‘Rust and Bone’ Review: Tragedy, Realization Forge Inspiring Romance

Matthias Schoenaerts is impressive and Marion Cotillard is luminescent in Jacques Audiard's rough-hewn French-language romance "Rust and Bone"

A man and a woman meet but there’s nothing cute about it.

Ali (Matthias Schoenaerts) is a rough sort, a bouncer at a nightclub in Antibes, a resort town on France’s southern coast. He comes to the rescue of Stephanie (Marion Cotillard), an elegant brunette, when she is involved in an altercation at the club and her nose is bleeding.

Ali offers her a lift home. As he drives her to her apartment, Stephanie’s short skirt rides up and he covertly admires her long, shapely legs. The next time he sees her, months later, her legs are gone, amputated at mid-thigh with only short stumps remaining.

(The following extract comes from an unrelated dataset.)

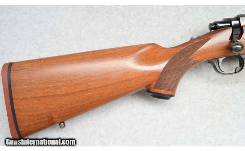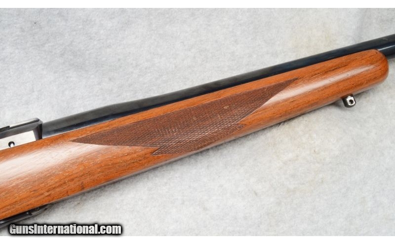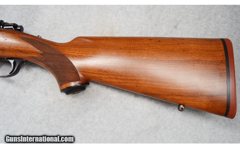 Description: SOLD Caliber Info: .300 Win. Mag. Metal Condition: Very good with scratches on floor plate. Wood Condition: Very good with handling marks. Bore Condition: Shiny with strong rifling. Barrels: 24 Stock: Checkered walnut. Fore End: Checkered walnut. Butt Pad: Rubber. Weight: 7-lbs., 15-ozs. Sights: None. Receiver milled for Ruger rings. Item Location: Fort Worth, TX |
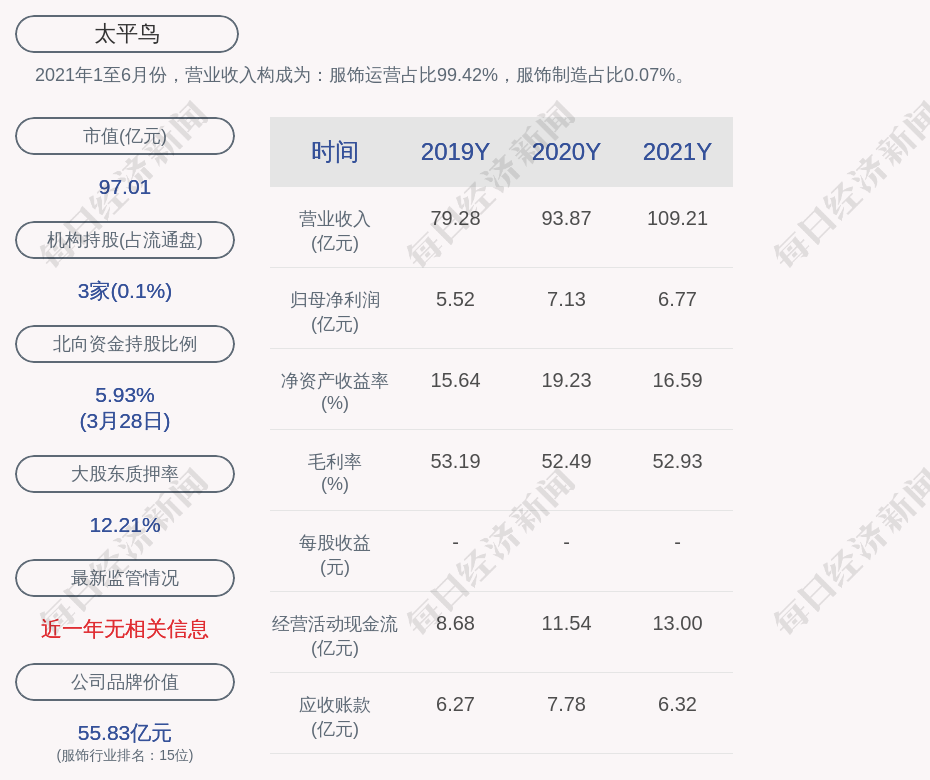 2021年1至6月份,太平鸟的营业收入构成为:服饰运营占比99.42%,服饰制造占比0.07%。

Ali and a now-disabled Stephanie’s slow-building romance and the path to self-discovery it provides for both of them is at the heart of "Rust and Bone," a moving and marvelously layered film by French director-co screenwriter Jacques Audiard. As with his earlier movies, including "A Prophet" (2009), "The Beat that My Heart Skipped" (2005) and "Read My Lips" (2001), the emotional wallop of this one creeps up on you and then lingers for days.

Also read: TheWrap Screening Series: Rust and Bone and a Brutal, Back-Alley Imagination

On the surface, the film (in French, with English subtitles) tells the affecting story of how two lonely people come to understand and depend on each other. But, digging deeper, it is also about living at the edges of an economy that has taken a beating and what that does to people, and about the steep cost of survival.

Ali and Stephanie are contrasting characters.

She had a profession she loved, training orca whales at a sea park. But then she loses her legs in a tragic accident involving the whales and finds herself jobless, depressed, in a wheel chair and living alone.

That’s when she reconnects with Ali. He’s a single father with a young son who bunks in the garage of his sister’s house. He takes work where he can get it and makes money on the side by taking part in organized kickboxing matches, reveling in the brutal physicality of the fights.

Stephanie is disabled physically and Ali is stunted emotionally, almost child-like. Over the course of "Rust and Bone," she must recover her physical and emotional equilibrium and he must grow up. How they help each to do that, gradually and in ways that feel entirely realistic despite sometimes bordering on melodrama, makes for an affecting and memorable journey.     

Schoenaerts is impressive, showing the tenderness lurking beneath Ali’s blunt and muscled exterior. Cotillard, however, is luminescent, demonstrating yet again that she is an actress of enormous range and depth.

In playing Stephanie, she creates a fully dimensional character rather than a mere model of inspirational uplift. Watch for the dialogue-less scene in which Stephanie, still in her wheelchair but sparking to life for the first time post-accident, runs through the series of arm motions she used to use to direct the whales. It’s as moving a testament to the sheer joy of being alive, no matter the circumstances, as anything seen on screen this year.